• **WHAT THIS TASK INVOLVES**
In the entries below, find the line with "주차되어 있다. (사진=연합뉴스)" and the line with "മുതിർന്ന അംഗങ്ങളായ സുധ, രാജി, മോളി, ഹരിഹരൻ, രാമസ്വാമി"; copy them and every line between them exactly, but not the pictures.

[[ DATA FOR THE TASK, beginning ]]

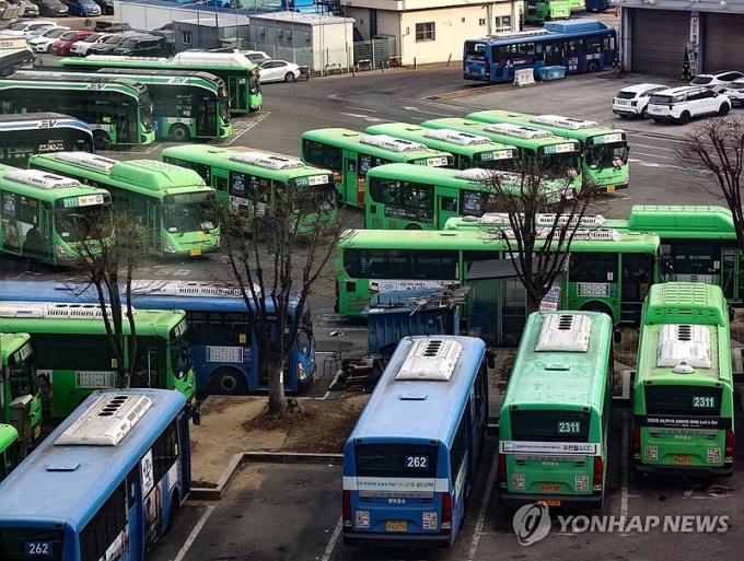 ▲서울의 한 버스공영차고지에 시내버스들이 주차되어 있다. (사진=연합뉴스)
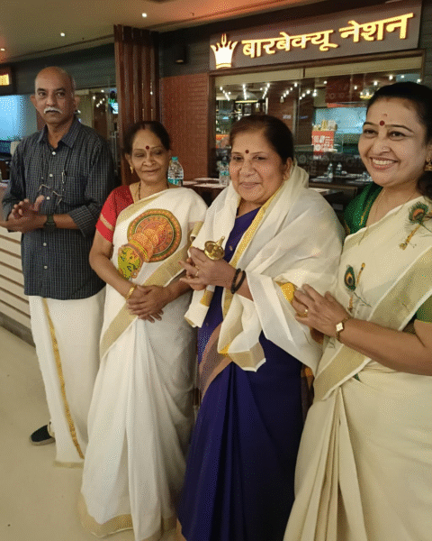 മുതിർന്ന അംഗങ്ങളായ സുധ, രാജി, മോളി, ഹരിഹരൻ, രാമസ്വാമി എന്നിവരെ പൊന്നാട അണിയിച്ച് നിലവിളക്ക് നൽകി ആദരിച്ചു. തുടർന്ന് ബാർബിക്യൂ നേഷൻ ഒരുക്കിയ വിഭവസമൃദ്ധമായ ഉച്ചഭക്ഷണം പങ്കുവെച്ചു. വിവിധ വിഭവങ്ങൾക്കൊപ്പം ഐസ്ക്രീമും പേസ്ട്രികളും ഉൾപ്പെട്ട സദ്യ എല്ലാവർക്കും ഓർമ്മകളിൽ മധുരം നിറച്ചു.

[[ DATA FOR THE TASK, end ]]
[[ DATA FOR THE TASK, beginning ]]

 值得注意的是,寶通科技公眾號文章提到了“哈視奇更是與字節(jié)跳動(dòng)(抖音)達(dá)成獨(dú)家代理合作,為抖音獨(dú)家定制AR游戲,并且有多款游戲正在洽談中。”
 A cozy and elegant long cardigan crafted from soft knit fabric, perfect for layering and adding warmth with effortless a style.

[[ DATA FOR THE TASK, end ]]

• **ANSWER SECTION**
 ▲서울의 한 버스공영차고지에 시내버스들이 주차되어 있다. (사진=연합뉴스)
 മുതിർന്ന അംഗങ്ങളായ സുധ, രാജി, മോളി, ഹരിഹരൻ, രാമസ്വാമി എന്നിവരെ പൊന്നാട അണിയിച്ച് നിലവിളക്ക് നൽകി ആദരിച്ചു. തുടർന്ന് ബാർബിക്യൂ നേഷൻ ഒരുക്കിയ വിഭവസമൃദ്ധമായ ഉച്ചഭക്ഷണം പങ്കുവെച്ചു. വിവിധ വിഭവങ്ങൾക്കൊപ്പം ഐസ്ക്രീമും പേസ്ട്രികളും ഉൾപ്പെട്ട സദ്യ എല്ലാവർക്കും ഓർമ്മകളിൽ മധുരം നിറച്ചു.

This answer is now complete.